===== SUPPLIED DATA

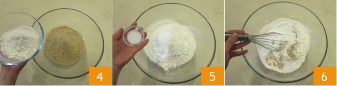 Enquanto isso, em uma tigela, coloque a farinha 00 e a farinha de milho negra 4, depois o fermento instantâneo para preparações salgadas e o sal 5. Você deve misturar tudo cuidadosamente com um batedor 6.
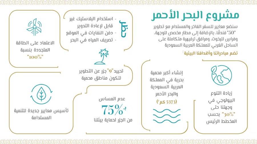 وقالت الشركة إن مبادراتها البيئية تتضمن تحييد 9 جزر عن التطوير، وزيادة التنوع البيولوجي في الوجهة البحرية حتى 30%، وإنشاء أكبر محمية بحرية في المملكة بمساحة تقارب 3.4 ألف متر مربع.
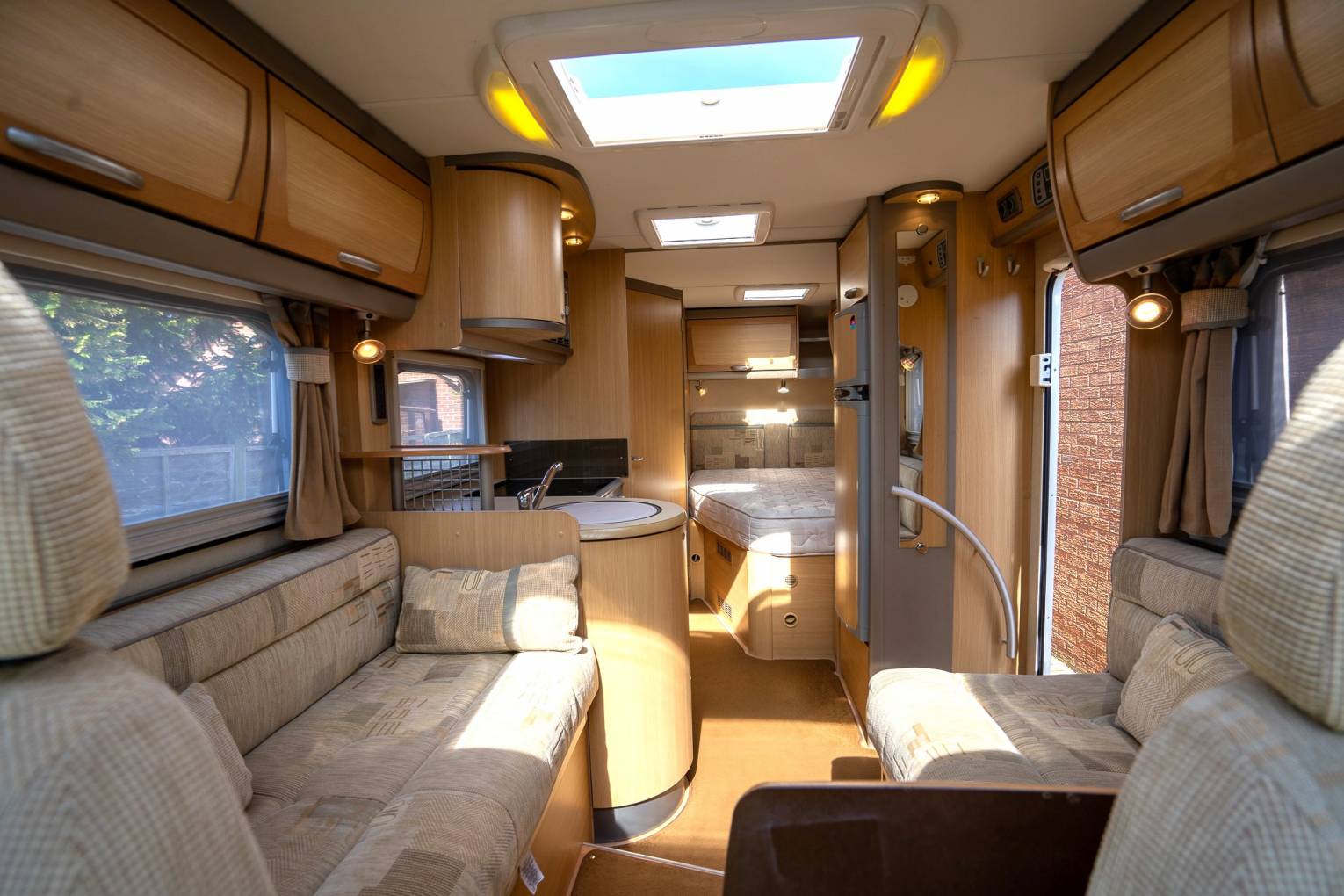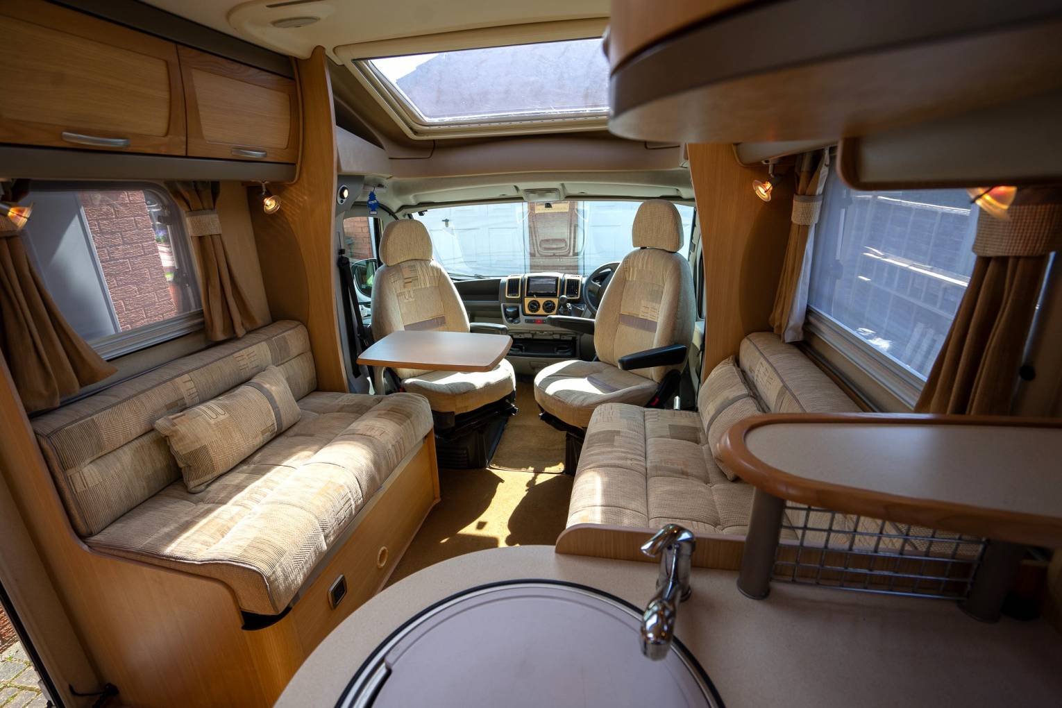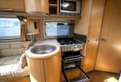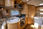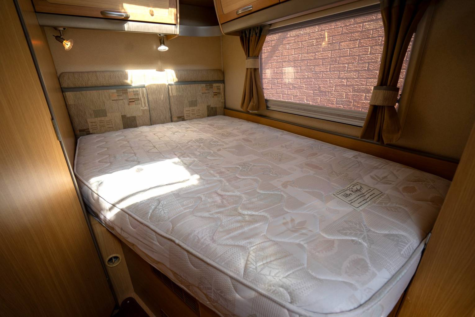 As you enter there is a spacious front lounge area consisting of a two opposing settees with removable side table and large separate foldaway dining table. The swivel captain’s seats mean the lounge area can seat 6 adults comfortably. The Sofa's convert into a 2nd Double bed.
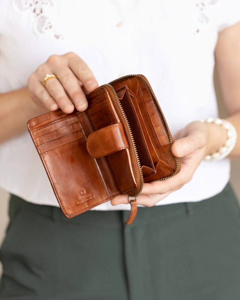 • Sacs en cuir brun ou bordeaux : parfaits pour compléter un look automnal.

==========

ABOUT THIS TASK:
Please write out the material from the line containing "As you enter" to its final line, both inclusive, exactly as it appears; pictures are not part of the copy.

ANSWER SPACE:
 As you enter there is a spacious front lounge area consisting of a two opposing settees with removable side table and large separate foldaway dining table. The swivel captain’s seats mean the lounge area can seat 6 adults comfortably. The Sofa's convert into a 2nd Double bed.
 • Sacs en cuir brun ou bordeaux : parfaits pour compléter un look automnal.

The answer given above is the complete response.